The associations -- Megionneftegas, Tomskneft and Yuganskneftegas -- will use the funds to improve production at existing wells, for environmental training programs and for projects such as replacing pipes to stem oil leaks and environmental cleanups.
Total project costs are pegged at $678 million, with the producer associations providing $178 million.
The loan had been held up by Russia's application of its 23 percent value-added tax to imports of equipment, but the government granted an exemption for the World Bank.
The bank's statement announcing the loan said the Russian government is interested in loans for unemployment and retirement benefits and for transferring social services from enterprises to local governments.
In the past bank officials have said the Russian government was not interested in borrowing for social purposes, but only for projects that directly increased production. Now, a bank spokesman said, they are beginning to talk about housing and social-security projects to ease the economic hardships caused by reform.
In the oilfields, pipelines will be replaced to reduce leakage, pilot projects will start cleaning up damage to the environment and oilfield infrastructure will be rebuilt, among other improvements.
The spokesman, Peter Riddleberger, said that none of the money will go for new wells or exploration but only to rehabilitate old production facilities.
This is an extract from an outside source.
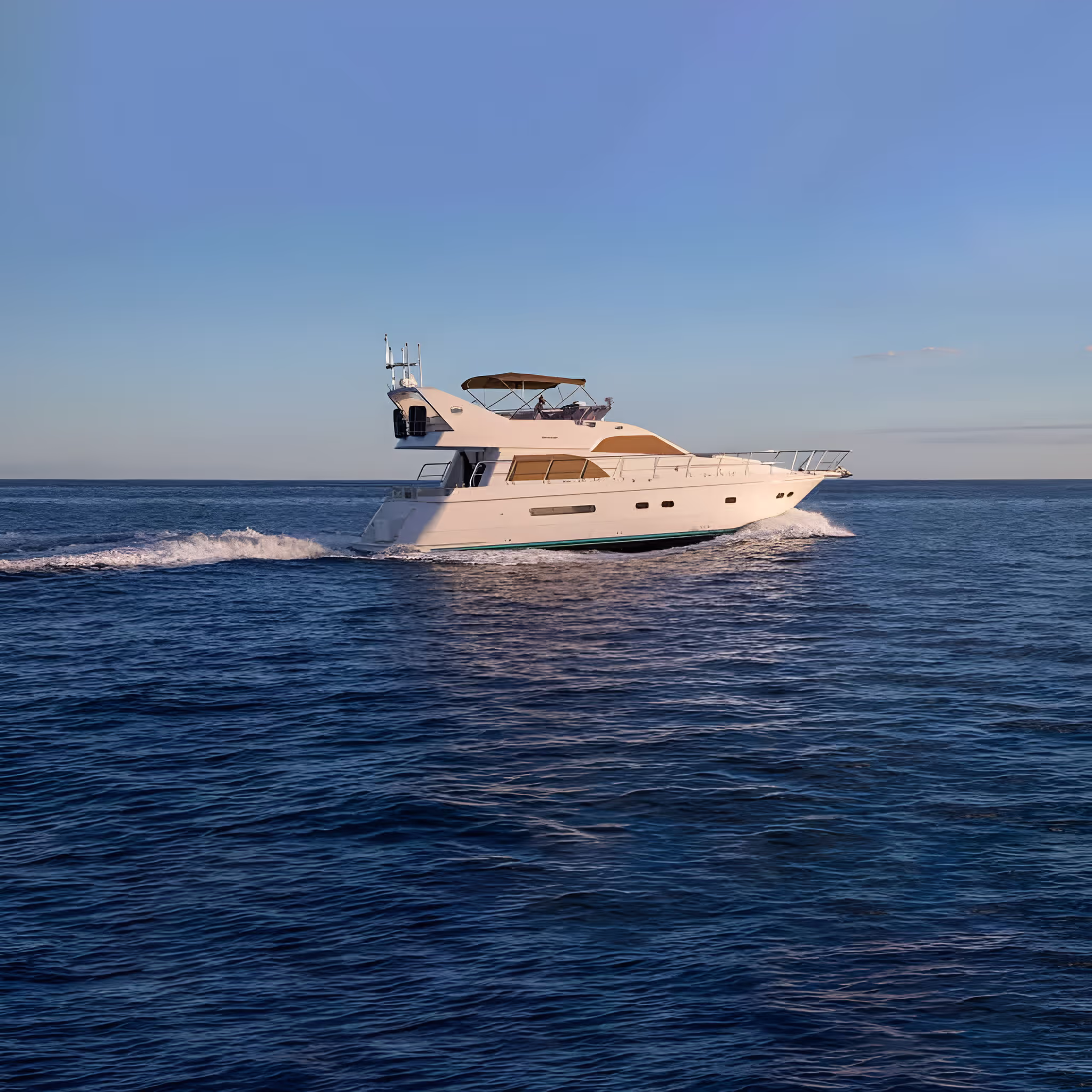 This sleek yacht offers 360-degree views from the flybridge and a spacious sun deck perfect for relaxing. Inside, enjoy the cool air-conditioned salon with comfortable U-shaped seating and a seamless galley.

Their neglect has been a major cause of the drop in Russian production -- the largest in the world until the collapse of the Soviet Union and still the country's main source of hard-currency earnings.
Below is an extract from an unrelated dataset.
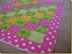 you'll notice some free form machine quilting. The quilting itself is definitely not perfect but what a great learning experience! Most importantly I think I could have saved myself 4 hours of picking out stitches if I had only thought to try it with the presser foot down. The darning foot was a Christmas present from my husband and I couldn't wait to try it out. This quilt was originally intended for a shower gift but wasn't finished in time. I’m sure I’ll find a home for it but I'm kind of stuck on what color to use on the binding. I think white would look best but will get so dirty around the edges. If anyone has a suggestion, please let me know. Otherwise I think it's going to sit on the "needs bound" pile for a good while.

Riddleberger said production last year dropped by about 12 percent, a little more slowly than the year before. Russia is trying to mobilize about $50 billion in the hope of halting the decline by the year 2000, according to the bank.
Riddleberger said that the loans announced Wednesday should reach their peak effect in about four years, adding 8.2 million tons, or about 58 million barrels a year to Russia's production -- a 2.5 percent boost. Additional revenue was estimated at $900 million.
The loans are repayable in 17 years, including five years during which only interest will be due, at a variable rate now set at 7.27 percent a year. This money comes from a section of the World Bank called the International Bank for Reconstruction and Development, which lends only to governments.
The World Bank's International Finance Corporation, which lends to private industry, announced Wednesday its first loan in Kazakhstan's oil and gas industry: $57.5 million for Kazgermunai. This is a joint venture of a local enterprise and two German partners: Vena Oel AG and Erdoel Erdgas Gommern GmbH.
Another $75-million loan to the project is expected from Germany's Kreditanstalt fuer Wiederaufbau, a government reconstruction bank, and $57.5 million from the European Bank for Reconstruction and Development.